The Third Congress met in the Aula, or Assembly Hall, of the University of Geneva, Switzerland, July 28 to August 1, 1922. About 500 members attended, representing 30 nationalities and 29 national committees. Thirty-three papers were contributed, all being published in French, in two volumes, by Delachaux, at Neuchatel. The topics were confined to (1) the international motive, with special reference to the teaching of history; and (2) the motive of service. Frederick Pollock gave the inaugural address on behalf of the International Executive Council (London), and was followed by the newly elected president of the Congress, Adolphe Ferrière, who was an advocate of progressive education.
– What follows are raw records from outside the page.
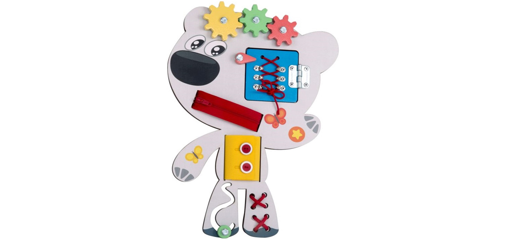 Хорошо, а если активничать хочется не дома (или не можется на улице), но все остальные игрушки уже сто раз исследованы и знакомы до последней вмятинки? На помощь придёт бизирод. Он поможет разобраться в работе многих вещей. Конечно, концентрировать своё внимание малышу лучше на одной задаче за раз. К примеру, поучиться завязывать шнурки (а в современном мире это полезно даже взрослым). После шнурков можно переключиться на пуговицы, ведь с ними не все маленькие пальчики могут справиться без проблем. На бизиборде есть молния, шестерёнки, дверца с щеколдой и даже небольшой «лабиринт». С такой познавательной игрушкой можно надолго «зависнуть» и отточить ловкость мелкой моторики. Любителям рыжиков на заметку — Кеша тоже поможет ребёнку разобраться с простых механизмах этой жизни.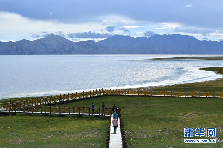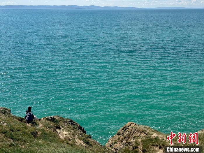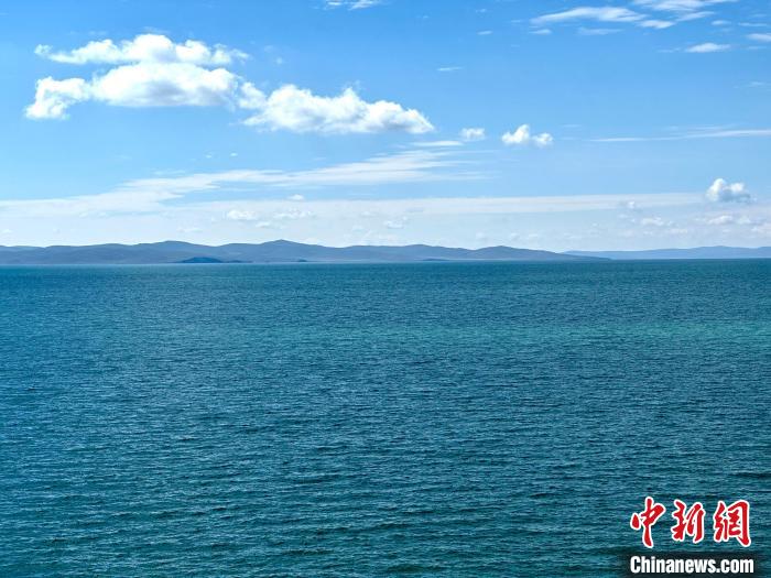 8月1日,記者拍攝到湛藍(lán)的鄂陵湖宛如藍(lán)寶石鑲嵌在群山之中,煙波浩渺、波瀾壯闊。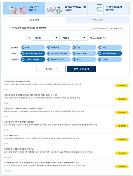 소상공인 및 중소기업의 경우 사업장의 매출액, 신용도, 피해업종 여부 등 검색조건에 따라 다양한 서비스를 확인할 수 있다.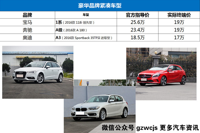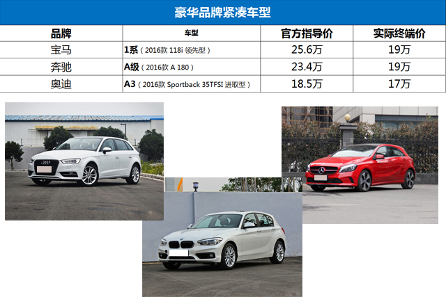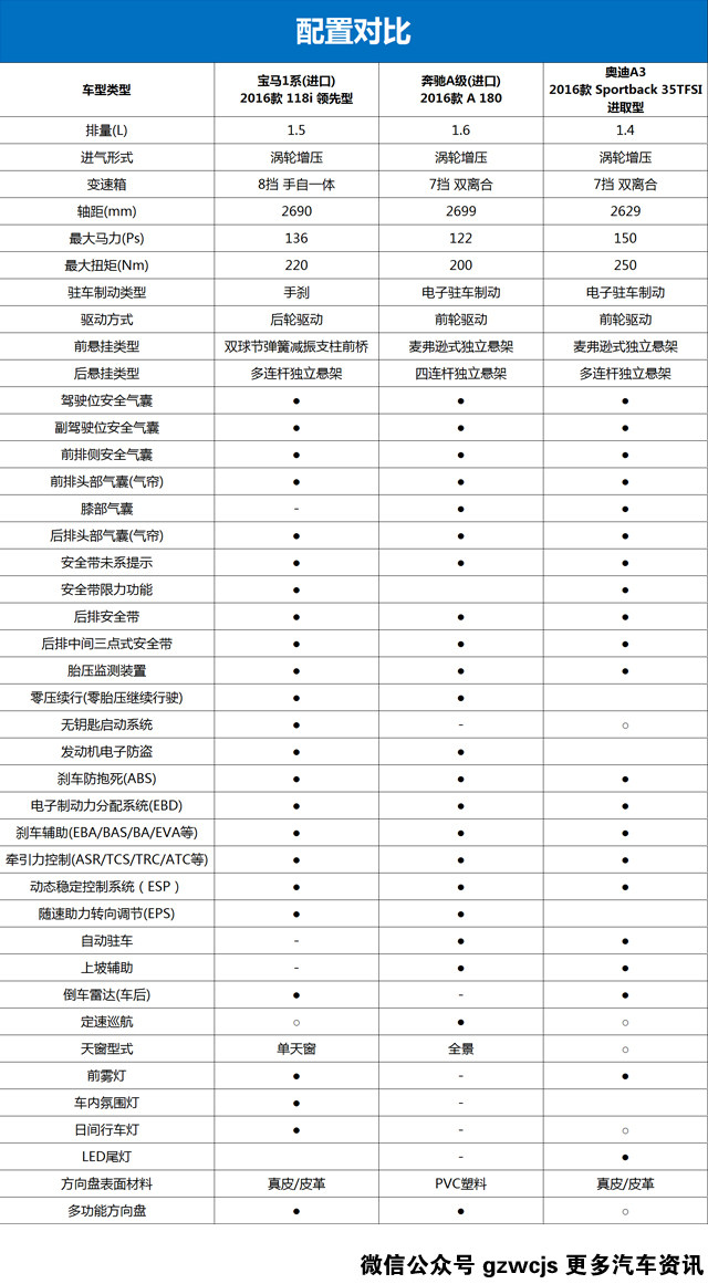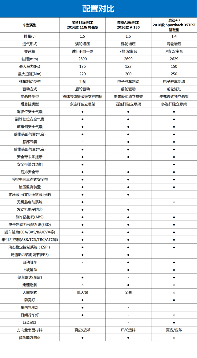 在上述的表格看到,20万的价格分别能够买到宝马1 系、奔驰A级、奥迪A3三款豪华紧凑车型,当然其三款也都属于低配版本。不过在低配的定义上,豪华品牌跟大众品牌有着不一样理解,其中的差别可以从配置窥探得到。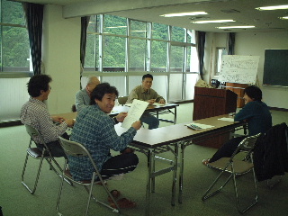 事故は難所に限らず、低山ハイクでも起こりうる。参加者で事故に遭遇した人は少なかったが、それはただ運が良かっただけという今井さんの言葉と体験談に、一同緊張。救助訓練は重要という認識をもって、真剣に耳を傾けた。 そして、二グループに分かれて遭難事故から救出までのシュミレーション(寸劇というか、学芸会というか・・)。それぞれに計画書を書くところから始め、実際に練習してみる。先ず丹沢の日帰りで足の骨折事故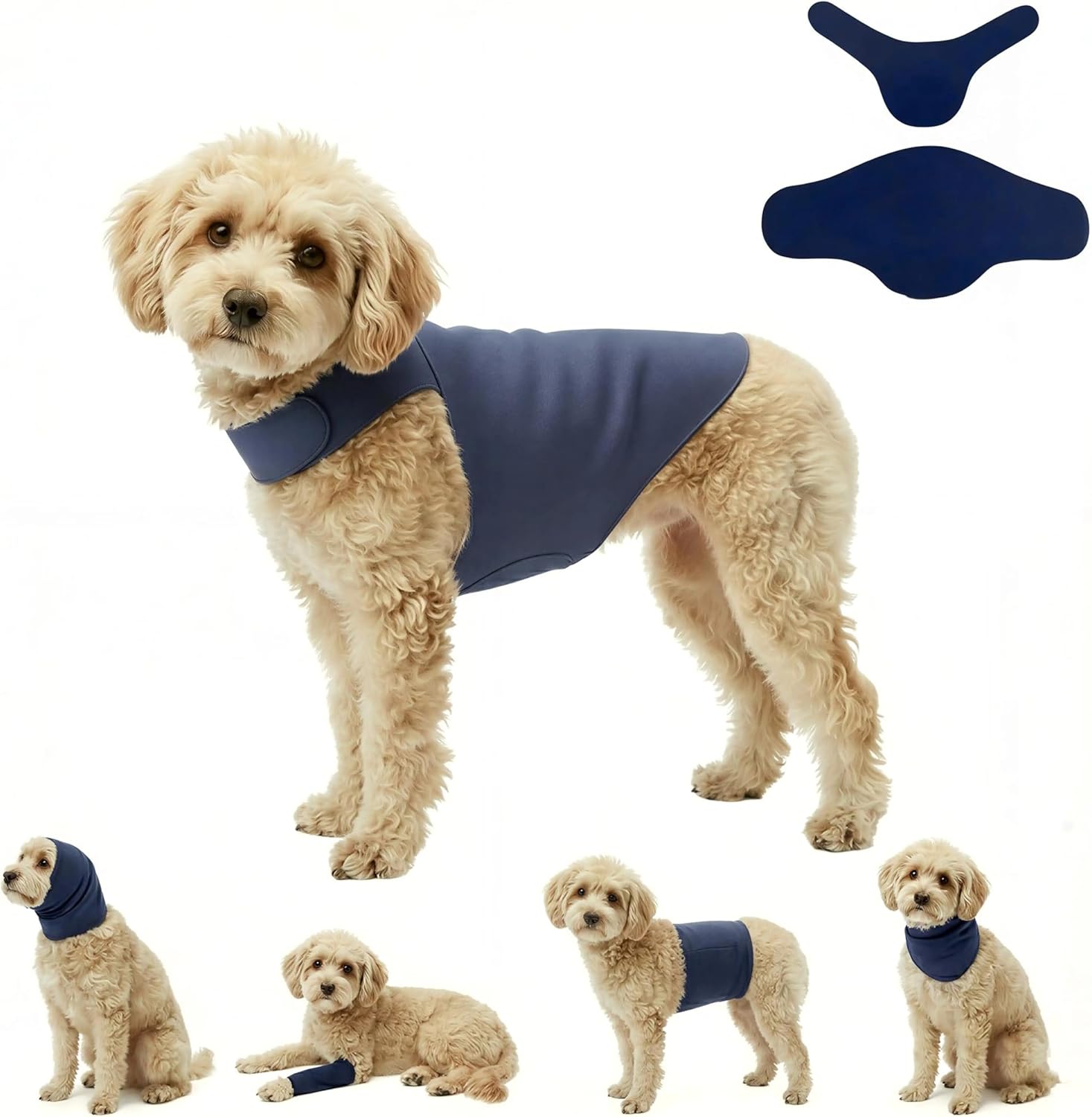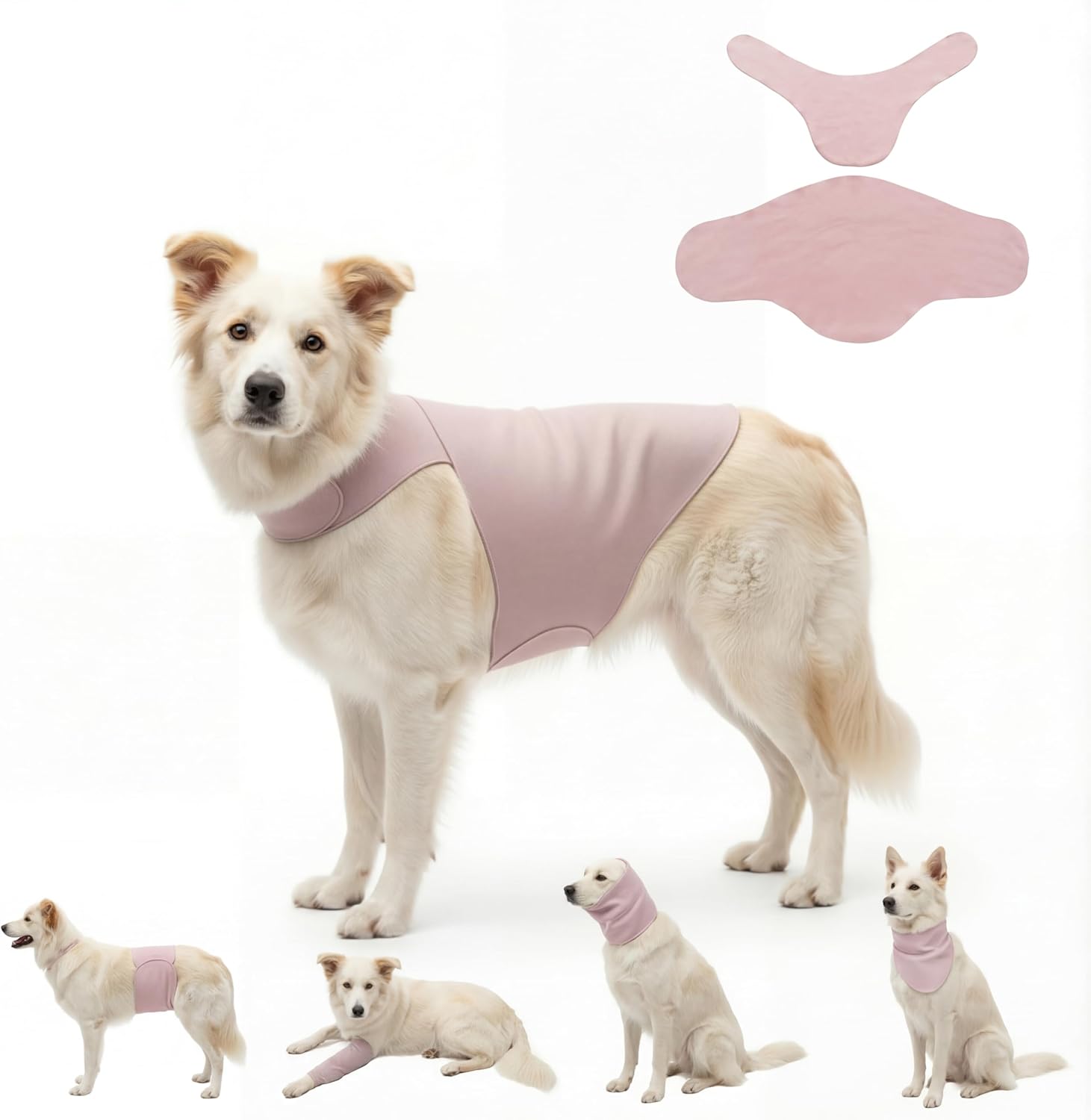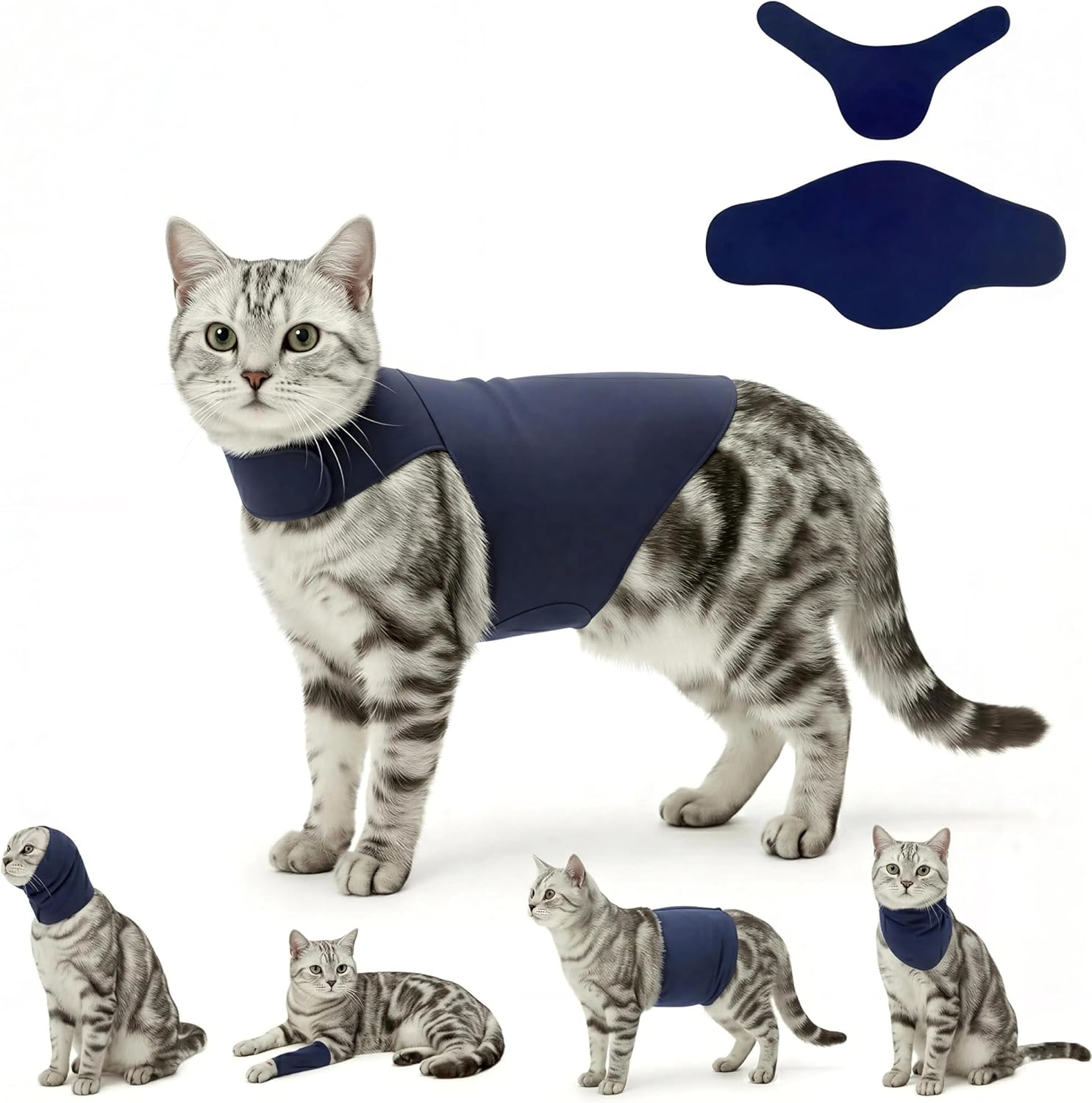 | Additional Features | Reversible, Silent No-Velcro Fabric, Self-Adhesive Material, Detachable Ear Hood, Calming Compression, Post-Surgery Recovery, Wound Protection, Modular Design, 2-Piece Adjustable, Breathable & Soft, Versatile Use, For Dogs & Cats, Quick-fit design, Stretchable |

Among the speakers during the eight sessions, perhaps the most popular were three—Professor Foerster; Albert Thomas, Director of the Labor Office of the League of Nations; and Robert Baden-Powell, the founder of the Scout Movement. A special session was held in the hall of the Secretariat of the League of Nations, chaired by Gustav Spiller, which included Nitobe Inazō, Director of the Section of International Bureaus. The Congress approved of the establishment of an International Moral Education Bureau at The Hague, and decided to form a permanent association of educationists of the world, based on the 29 national committees already existing.

==1926==
The Fourth Congress took place in Rome, Italy, from September 28 to October 2, 1926. Francesco Orestano served as president.

==1930==
The Fifth Congress took place at the University of Sorbonne in Paris, France, September 23–27, 1930. Sébastien Charléty served as president.

==1934==
The Sixth Congress took place in Kraków, Poland, September 11–14, 1934.

==Scholarly review==
In 2004, Marco Cicchini of the University of Geneva published his study based on a review of the proceedings and publications of the six congresses. He synthesized the congresses' aims and ideals, the theoretical and institutional outlines, the socio-professional profiles of the participants, the status of their contributions, and the disciplines invited to discuss the issues. He also noted on the changes which led to the disappearance of the congress.